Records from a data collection
Content starts
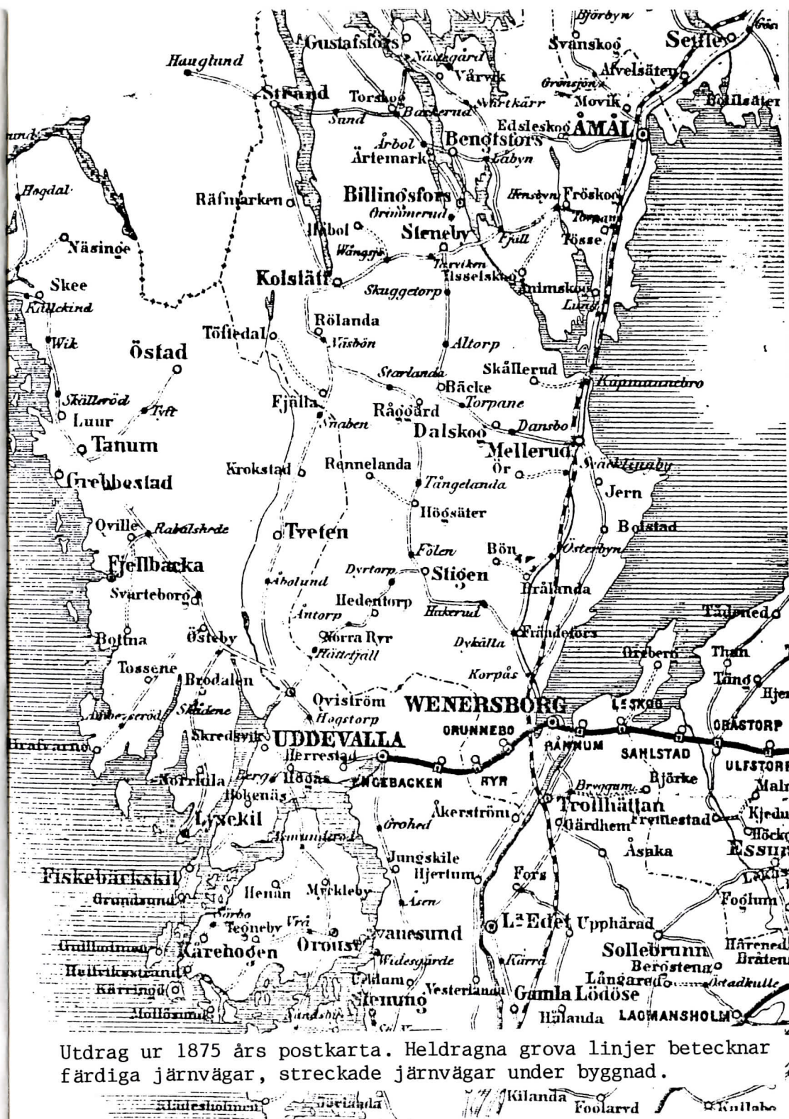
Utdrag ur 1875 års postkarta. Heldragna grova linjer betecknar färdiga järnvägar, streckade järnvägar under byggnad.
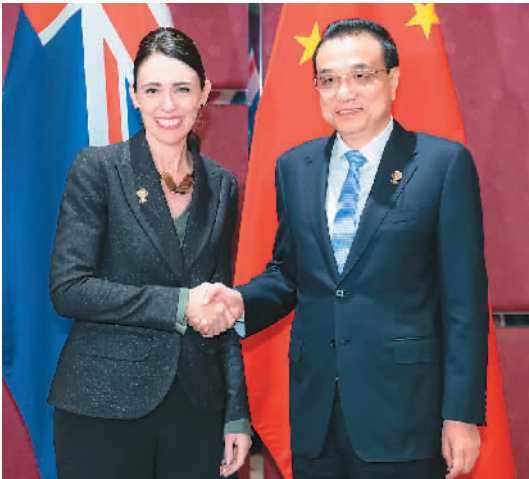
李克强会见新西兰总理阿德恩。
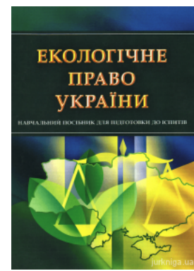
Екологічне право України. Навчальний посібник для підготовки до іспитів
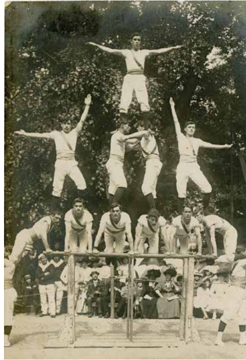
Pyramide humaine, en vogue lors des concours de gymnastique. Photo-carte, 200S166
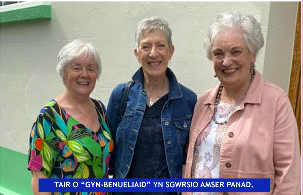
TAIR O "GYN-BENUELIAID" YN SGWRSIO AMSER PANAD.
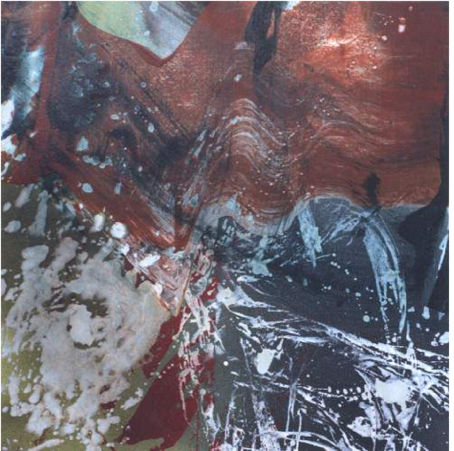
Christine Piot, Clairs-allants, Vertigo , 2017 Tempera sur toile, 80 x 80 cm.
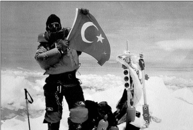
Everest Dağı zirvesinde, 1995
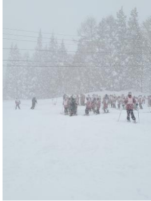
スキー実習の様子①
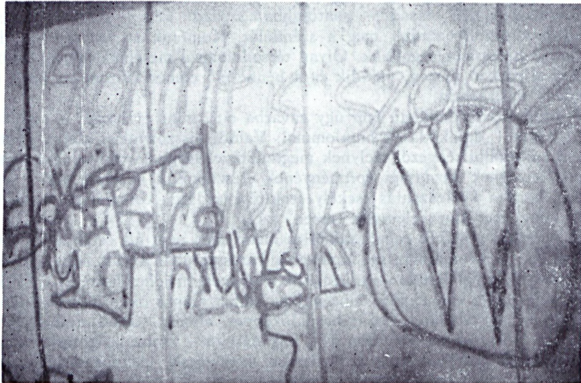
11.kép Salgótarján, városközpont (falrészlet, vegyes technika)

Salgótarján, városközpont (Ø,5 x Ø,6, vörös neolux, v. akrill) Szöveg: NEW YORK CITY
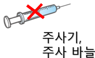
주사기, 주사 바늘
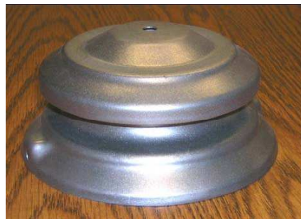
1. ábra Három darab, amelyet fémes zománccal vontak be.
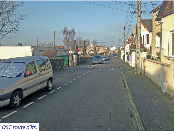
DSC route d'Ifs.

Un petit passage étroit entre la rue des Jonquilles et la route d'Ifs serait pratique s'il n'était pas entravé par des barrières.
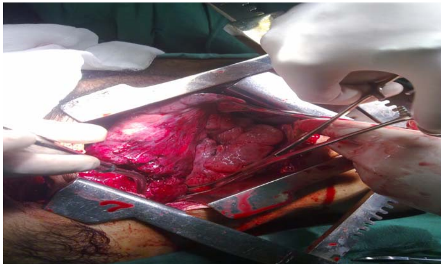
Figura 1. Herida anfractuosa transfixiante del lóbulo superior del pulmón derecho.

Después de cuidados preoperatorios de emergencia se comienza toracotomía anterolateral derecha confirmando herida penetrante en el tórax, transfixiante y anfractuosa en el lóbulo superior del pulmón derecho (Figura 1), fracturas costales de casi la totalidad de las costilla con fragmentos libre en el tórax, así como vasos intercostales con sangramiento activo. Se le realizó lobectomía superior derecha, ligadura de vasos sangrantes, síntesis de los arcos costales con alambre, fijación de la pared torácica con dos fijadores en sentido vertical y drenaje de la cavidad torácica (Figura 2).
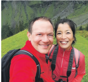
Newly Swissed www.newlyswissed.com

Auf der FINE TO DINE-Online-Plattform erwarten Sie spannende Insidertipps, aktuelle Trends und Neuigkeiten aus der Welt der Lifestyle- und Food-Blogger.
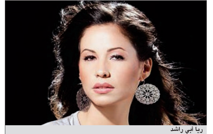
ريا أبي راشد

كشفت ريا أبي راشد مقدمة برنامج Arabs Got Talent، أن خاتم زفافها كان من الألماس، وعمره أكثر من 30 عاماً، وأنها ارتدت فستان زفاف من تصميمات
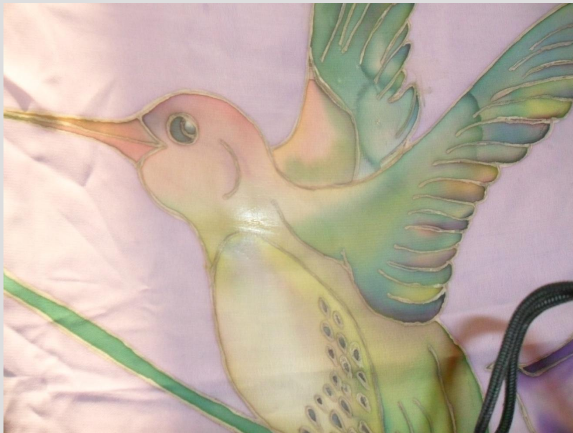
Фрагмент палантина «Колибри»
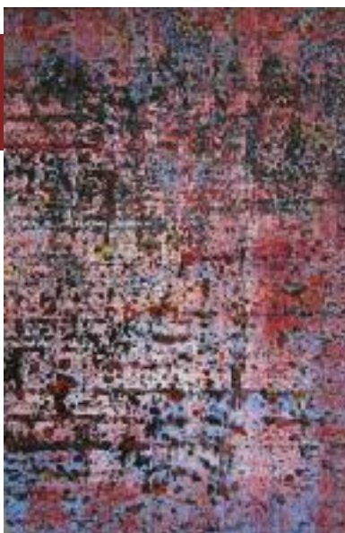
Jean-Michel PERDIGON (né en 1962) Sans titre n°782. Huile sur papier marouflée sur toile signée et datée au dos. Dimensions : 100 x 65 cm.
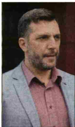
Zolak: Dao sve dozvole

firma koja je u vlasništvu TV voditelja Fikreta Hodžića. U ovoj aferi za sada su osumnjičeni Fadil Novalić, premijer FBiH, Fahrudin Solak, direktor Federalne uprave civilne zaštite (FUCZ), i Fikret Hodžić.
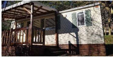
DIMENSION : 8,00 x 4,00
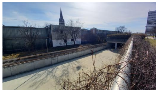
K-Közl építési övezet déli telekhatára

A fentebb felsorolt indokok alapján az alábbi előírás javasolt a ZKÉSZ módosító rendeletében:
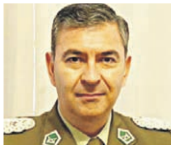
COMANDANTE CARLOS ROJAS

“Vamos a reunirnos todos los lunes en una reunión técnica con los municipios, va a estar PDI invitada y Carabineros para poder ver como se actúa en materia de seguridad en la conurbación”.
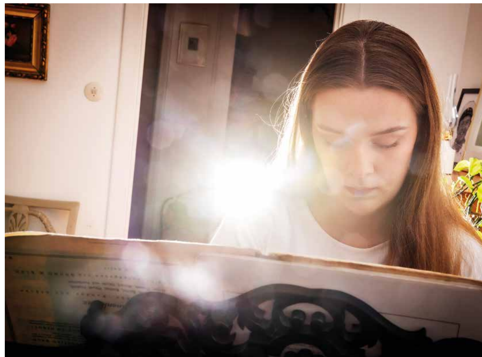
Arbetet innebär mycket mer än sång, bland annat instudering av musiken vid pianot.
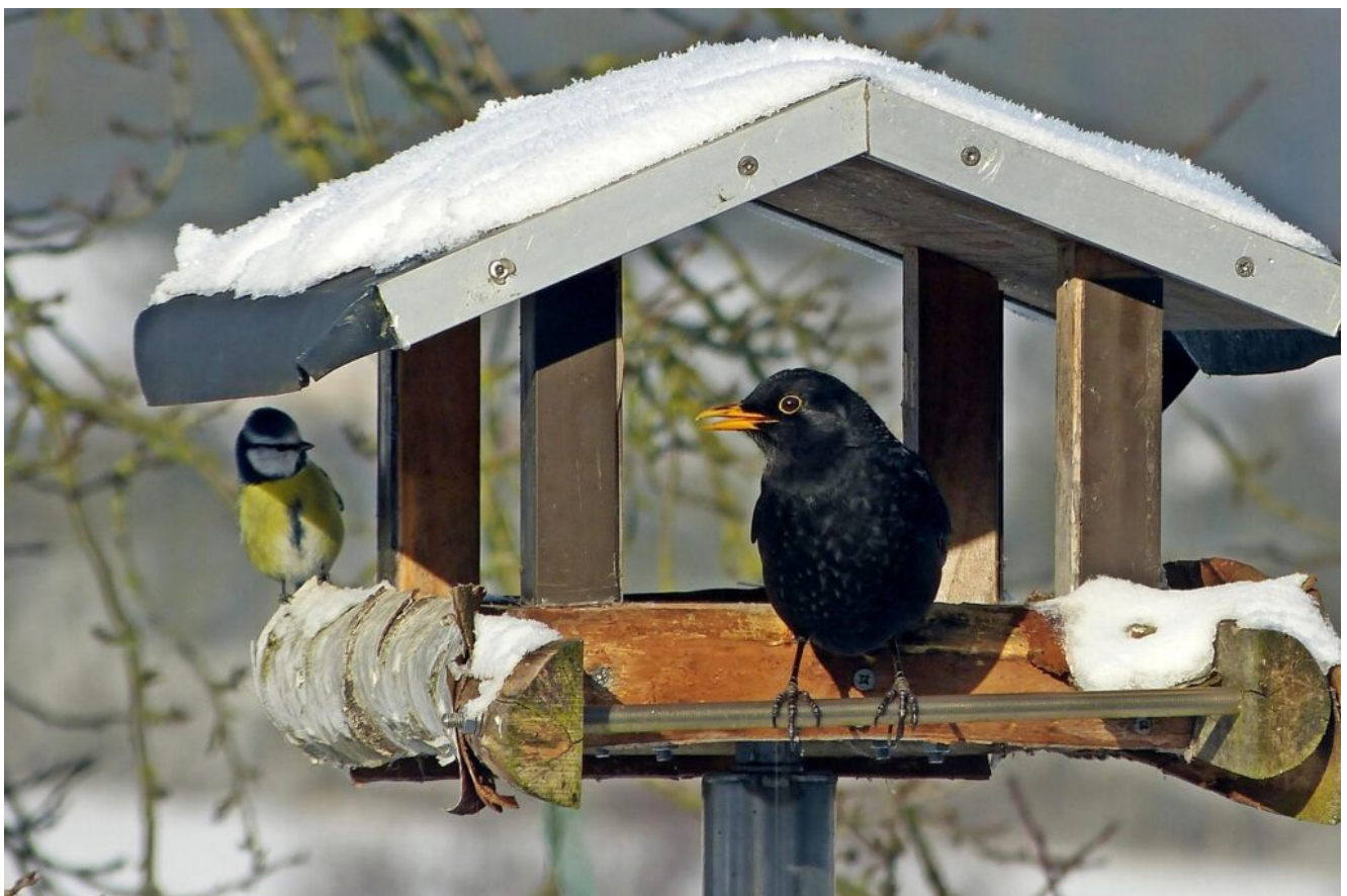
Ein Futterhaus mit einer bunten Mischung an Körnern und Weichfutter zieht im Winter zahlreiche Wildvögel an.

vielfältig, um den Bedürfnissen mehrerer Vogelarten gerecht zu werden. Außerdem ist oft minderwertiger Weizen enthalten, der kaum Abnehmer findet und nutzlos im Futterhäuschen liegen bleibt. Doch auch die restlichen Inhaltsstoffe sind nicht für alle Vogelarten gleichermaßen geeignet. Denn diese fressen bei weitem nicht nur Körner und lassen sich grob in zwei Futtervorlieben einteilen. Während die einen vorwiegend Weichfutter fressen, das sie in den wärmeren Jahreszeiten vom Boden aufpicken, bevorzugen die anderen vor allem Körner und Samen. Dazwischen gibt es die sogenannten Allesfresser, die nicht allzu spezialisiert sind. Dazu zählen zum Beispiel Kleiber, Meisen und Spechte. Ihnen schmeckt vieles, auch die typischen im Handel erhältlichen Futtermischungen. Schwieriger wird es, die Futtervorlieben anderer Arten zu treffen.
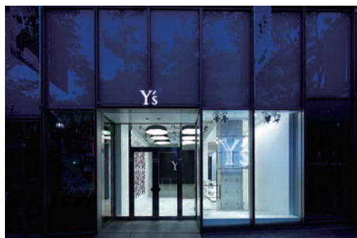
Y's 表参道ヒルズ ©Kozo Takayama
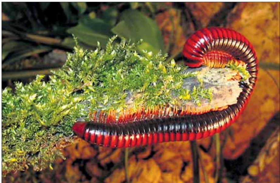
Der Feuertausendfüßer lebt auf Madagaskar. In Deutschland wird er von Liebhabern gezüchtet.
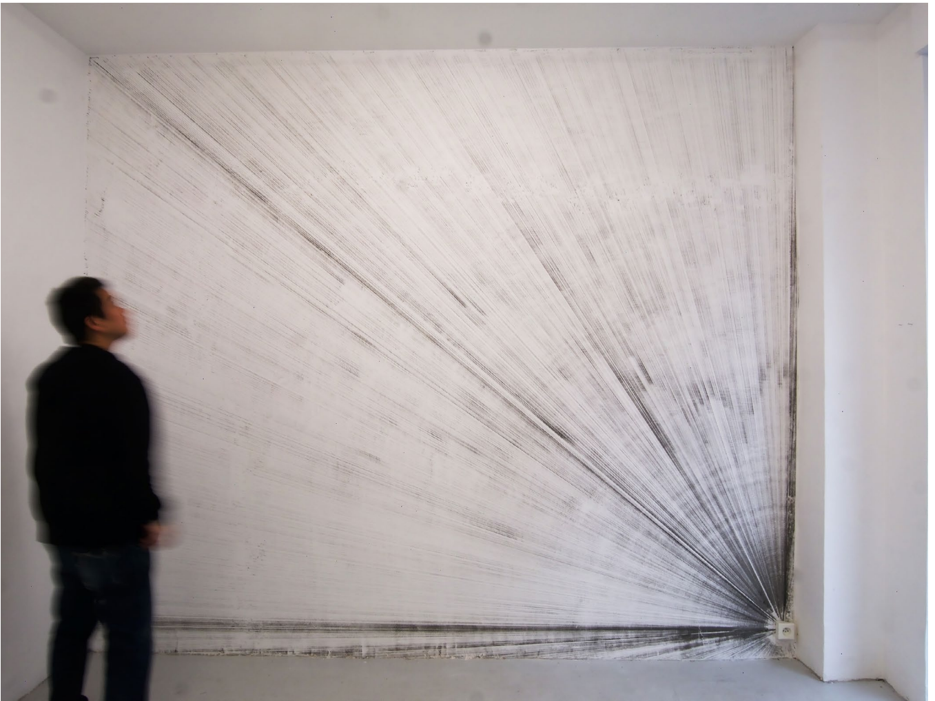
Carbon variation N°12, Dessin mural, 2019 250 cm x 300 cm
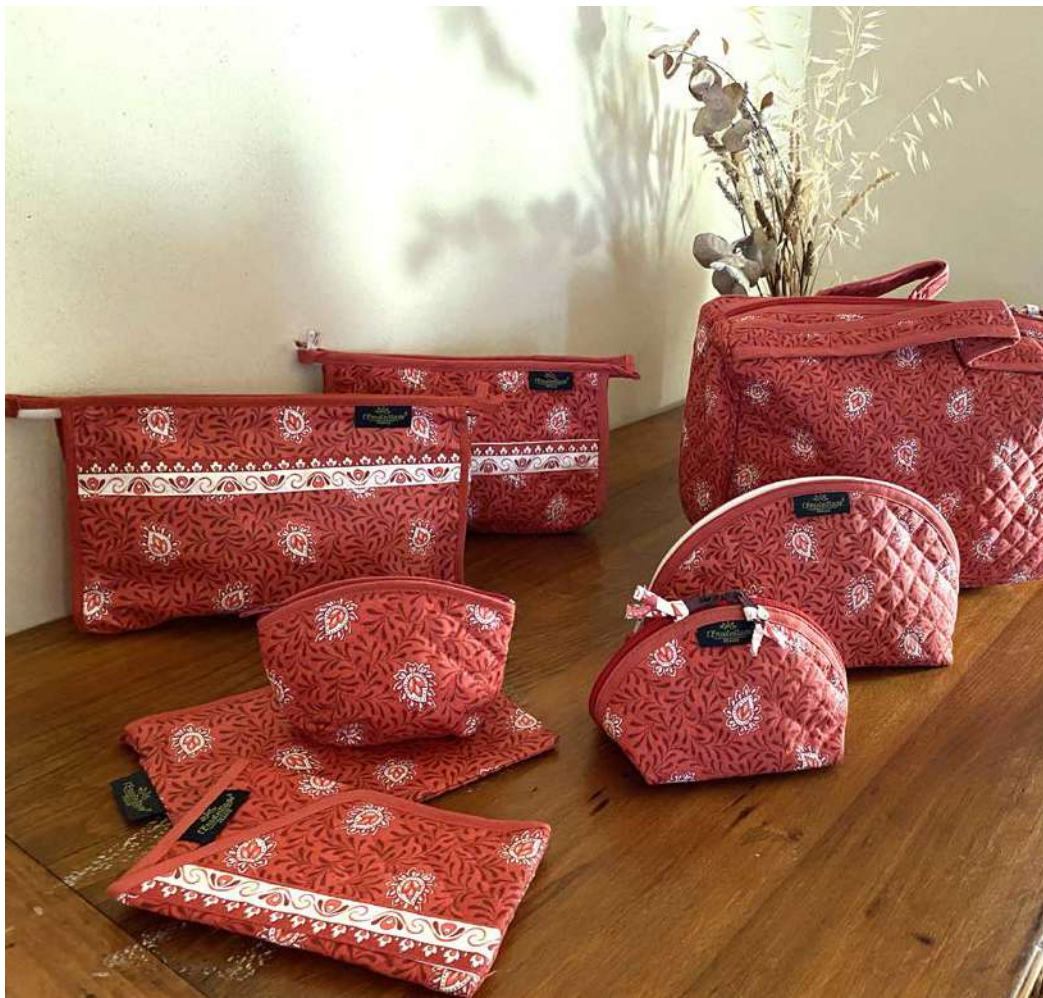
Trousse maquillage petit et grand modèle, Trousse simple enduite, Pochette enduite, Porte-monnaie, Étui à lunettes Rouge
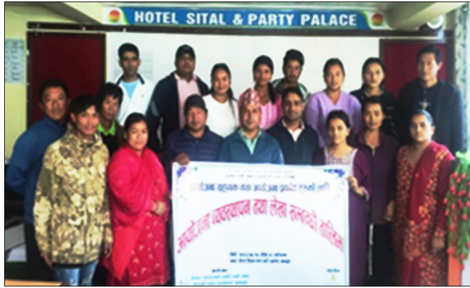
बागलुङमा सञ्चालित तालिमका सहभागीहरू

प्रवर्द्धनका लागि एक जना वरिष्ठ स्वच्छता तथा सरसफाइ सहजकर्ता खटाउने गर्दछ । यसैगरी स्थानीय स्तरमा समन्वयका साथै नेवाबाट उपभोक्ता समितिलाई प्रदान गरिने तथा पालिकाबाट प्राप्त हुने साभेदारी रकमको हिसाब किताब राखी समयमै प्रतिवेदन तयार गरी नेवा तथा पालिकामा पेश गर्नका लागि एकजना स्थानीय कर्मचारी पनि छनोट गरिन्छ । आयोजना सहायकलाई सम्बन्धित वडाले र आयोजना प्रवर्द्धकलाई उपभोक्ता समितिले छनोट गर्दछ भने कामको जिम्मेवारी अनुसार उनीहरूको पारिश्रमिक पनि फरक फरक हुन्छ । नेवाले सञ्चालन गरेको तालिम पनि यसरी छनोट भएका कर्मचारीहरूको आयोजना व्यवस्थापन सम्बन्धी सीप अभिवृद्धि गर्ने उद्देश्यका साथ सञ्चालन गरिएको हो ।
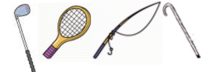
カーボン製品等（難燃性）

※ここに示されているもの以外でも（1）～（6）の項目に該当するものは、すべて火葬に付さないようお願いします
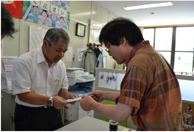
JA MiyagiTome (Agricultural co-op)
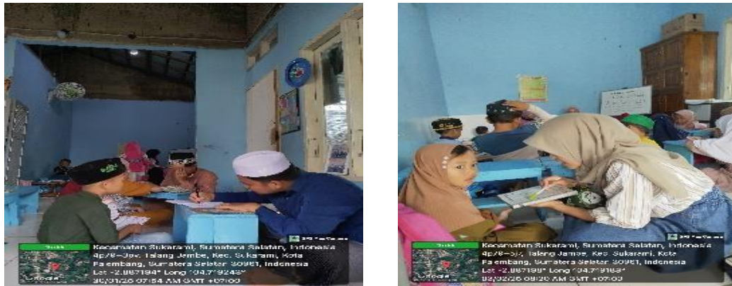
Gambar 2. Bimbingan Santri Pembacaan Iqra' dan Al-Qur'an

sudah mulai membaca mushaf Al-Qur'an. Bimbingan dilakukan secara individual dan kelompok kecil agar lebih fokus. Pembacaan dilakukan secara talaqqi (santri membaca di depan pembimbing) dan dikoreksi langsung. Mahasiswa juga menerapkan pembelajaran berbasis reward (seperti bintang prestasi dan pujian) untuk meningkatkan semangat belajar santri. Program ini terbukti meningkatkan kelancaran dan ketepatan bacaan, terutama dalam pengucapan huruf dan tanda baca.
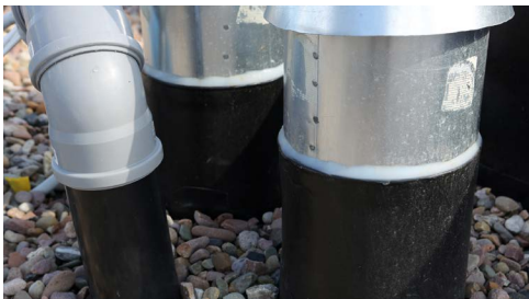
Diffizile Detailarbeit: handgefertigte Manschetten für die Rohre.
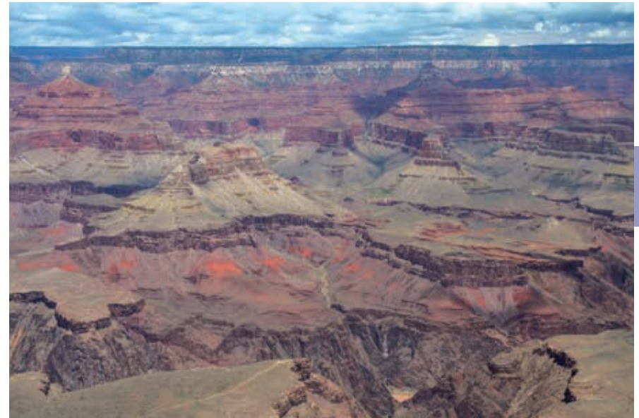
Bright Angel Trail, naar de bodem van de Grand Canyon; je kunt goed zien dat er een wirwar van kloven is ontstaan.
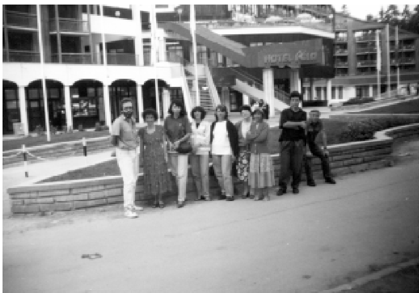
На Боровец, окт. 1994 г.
Content ends
● **REQUIREMENT**
Your reply should contain only the number of lines in the entries above with the word "superior".

● **SOLUTION**
2